For argument's sake, it was Sieun who had let Suho into his life by choosing to engage in conversation with him outside the history classroom on that first day. If he hadn't, he was most certain neither of the two would have looked in the other's way; seeing each other from a distance instead.


People-watching, however, was something Yeon Sieun was more than experienced in. It was his daily life, either intentionally or by chance. He didn't stare openly-he used to as a child-but along with his age, the reason for which he frequently observed those around him changed. Today, it was to learn from them. To become like them.


He would examine their behaviours in social settings; he would watch how they engaged with people they knew and people they didn't, in order to mirror those actions so that he could become like everyone else on the surface, even if he would be nothing like them beneath it. He can smile, he can wave, he can laugh, and he can most definitely cry. But the feeling will never genuinely be there. When Sieun's emotional unavailability unearths itself and makes his chest twang, Sieun abhors how different he is from the others.


Of course, people aren't genuine one hundred percent of the time, Sieun's known this since he was tiny, but sometimes people are nothing but human, and all Sieun can do is watch, devoid of all feeling. He comes close, but it's never the same-he always ends up looking like a fool, and he chastises himself for it.


Why are you trying to be like everyone else? If that's not who you are, don't force it. Feelings aren't all that, anyway. They hurt; you know that too well.


But they also heal.


They comfort you and make you warm inside. Sometimes, feelings are the only consolation you can offer someone. The fact that you're there, feeling what they're feeling, even if it's not happening to you. Why did feelings have to be so needlessly complicated?

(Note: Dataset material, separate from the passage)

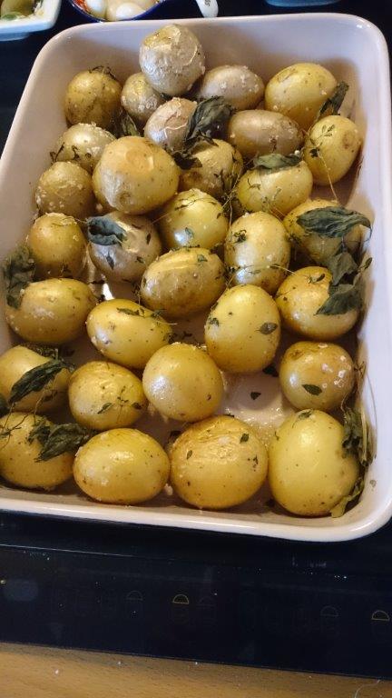 Hæld kartoflerne i et ildfast fad. Hæld olie på, bland lidt rund. Drys med salt og bland igen. Put stilke af krydderurter ned mellem kartoflerne. Sættes i 200 gr varm ovn i 20 - 30 min.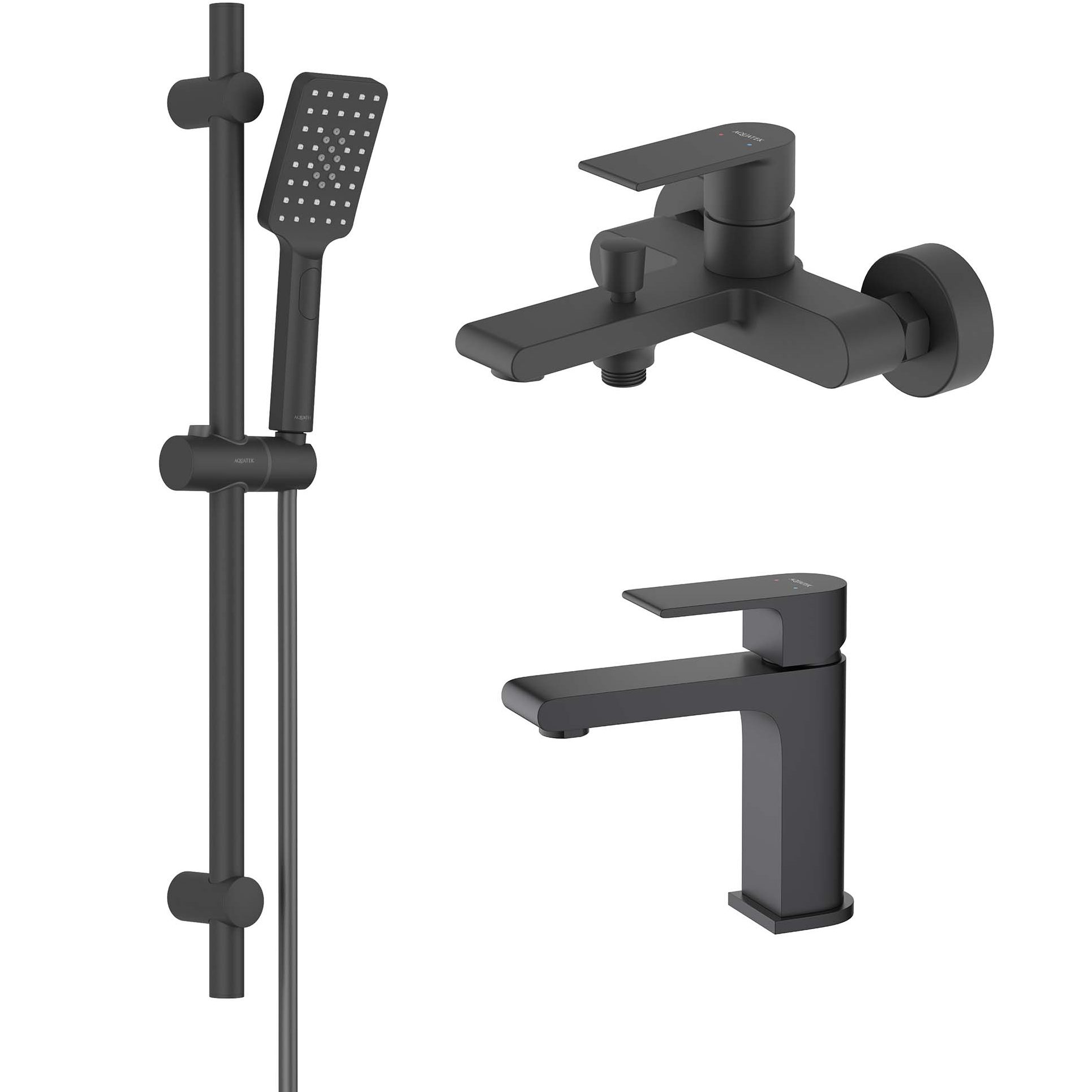 Смеситель для раковины. Смеситель для ванны. Душевой гарнитур: душевая стойка, лейка, шланг.

Sieun wished he didn't know the answer, that he didn't already have an explanation for every curious thing that piqued his interest-he wished that one day he would come across something he didn't have an answer to.


-


An Suho wasn't one to intentionally miss his lessons, he needed the attendance points more than anything, but sometimes literature was too much to deal with at a certain time in the afternoon. In Suho's defence, he wasn't missing anything important. He idles along the winding corridor with his pockets in his hands as he hopes he isn't spotted by a teacher.


"Oi, An Suho!" a voice bellowed from behind him, catching his attention. It was a boy whose name he didn't know but must have been in his year. "Hey, good to see you-"


"Are you playing? At lunch, against the other half of the year group. We'd definitely win with you on our team." Suho was glad the student cut him off (he surely would have embarrassed himself by calling him the wrong name), but he wasn't glad this boy's voice was even louder than the first time. A series of escape plans began circulating in his mind.